TRIBUNNEWS.COM, JAKARTA - Sejumlah dosen, mahasiswa dan perwakilan alumni Fakultas Ilmu Sosial dan Politik (Fisipol) Universitas Gadjah Mada (UGM) lintas angkatan manyampaikan surat terbuka.
Mereka berkumpul untuk menyatakan sikap terkait situasi politik jelang Pemilu 2024 dan menyampaikan seruan moral terhadap dua tokoh penting di Kabinet Presiden Joko Widodo (Jokowi).
Dua tokoh tersebut yakni Pratikno yang sedang menjabat sebagai Mensesneg dan Ari Dwipayana menjabat sebagai Koordinator Staf Khusus Presiden.
Dikutip dari Tribun Jogja, para sivitas akademika itu meminta Pratikno dan Ari Dwipayana untuk pulang ke kampus UGM menjalankan demokrasi sebagaimana mestinya.
"Kami berkumpul hari ini karena situasi demokrasi yang terjadi di hari ini. Kami melihat bahwa kekuasaan ada upaya pencideraan demokrasi untuk kepentingan pribadi dan golongannya oleh kekuasaan," kata Faris Rubiyansyah, perwakilan Mahasiswa DPP Fisipol UGM, Senin (12/1/2024).
Faris turut menyayangkan terdapat civitas akademika DPP UGM yang berada di pusaran kekuasaan dan menyalahgunakan demokrasi.
Dalam orasinya Faris menyampaikan rasa-rasanya baru kemarin para mahasiswa mendapat ceramah dari Pratikno dan Ari Dwipayana di kelas mengenai demokrasi.
Para mahasiswa menurutnya diyakinkan demokrasi merupakan sebuah berkah yang harus selalu dijaga.
"Namun, sayangnya, lebih dari 20 tahun sejak datangnya berkah tersebut, demokrasi Indonesia justru mengalami kemunduran," ujarnya.
"Melihat situasi perpolitikan Indonesia saat ini, rasanya kami semakin resah, sama seperti Mas Ari yang khawatir dengan harga tinggi demokrasi atau seperti Pak Tik yang resah dengan otoritarianisme Orde Baru seperti disampaikan dalam beberapa tulisan dimasa lalu," sambung Faris.
Apa yang dilakukannya sejak 2019 pun menurut Faris terasa sia-sia, sebab Pratikno dan Ari Dwipayana sendiri yang merusak semangat para mahasiswa untuk melawan penyimpangan demokrasi.

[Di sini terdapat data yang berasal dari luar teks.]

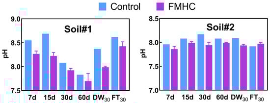 pH of Soil#1 and Soil#2. Control represents untreated control soil samples without amendment, while FMHC represents soils amended with 5% FMHC. 7d, 15d, 30d, and 60d represent soil samples cured for 7, 15, 30, and 60 days, respectively, under natural conditions. DW30 and FT30 indicate soil samples subjected to environmental stress testing through 30 cycles of alternate wet–dry conditions and freeze–thaw treatments, respectively.
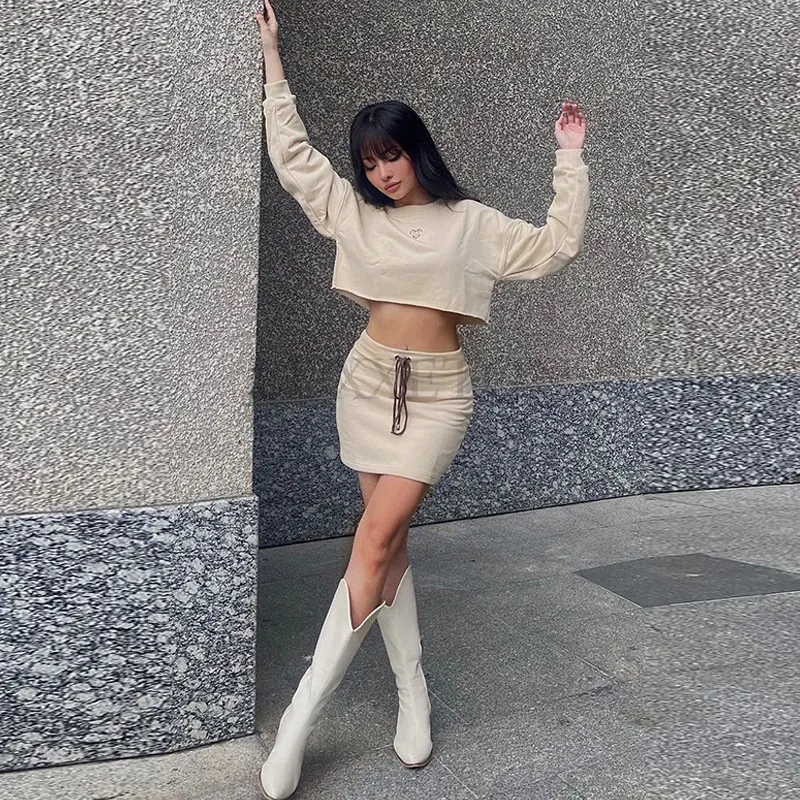 Повседневная трикотажная рубашка с длинным рукавом, облегающий комплект из 2 предметов с юбкой, модная сексуальная уличная одежда, базовая ...

"Mahasiswa telah turun ke jalan memprotes banyak hal yang mengancam demokrasi mulai dari revisi UU KPK, terbitnya UU Cipta Kerja, revisi UU ITE, dan lainnya. Lalu hari ini, di tengah perhelatan Pemilu 2024, tampak demokrasi sedang menuju ambang kematiannya," terang dia.
"Rakyat disuguhi serangkaian tindakan pengangkangan etik dan penghancuran pagar-pagar demokrasi yang dilakukan oleh kekuasaan," lanjut Faris.
Ia menyampaikan, para penguasa dengan tidak malu menunjukkan praktik-praktik korup demi langgengnya kekuasaan.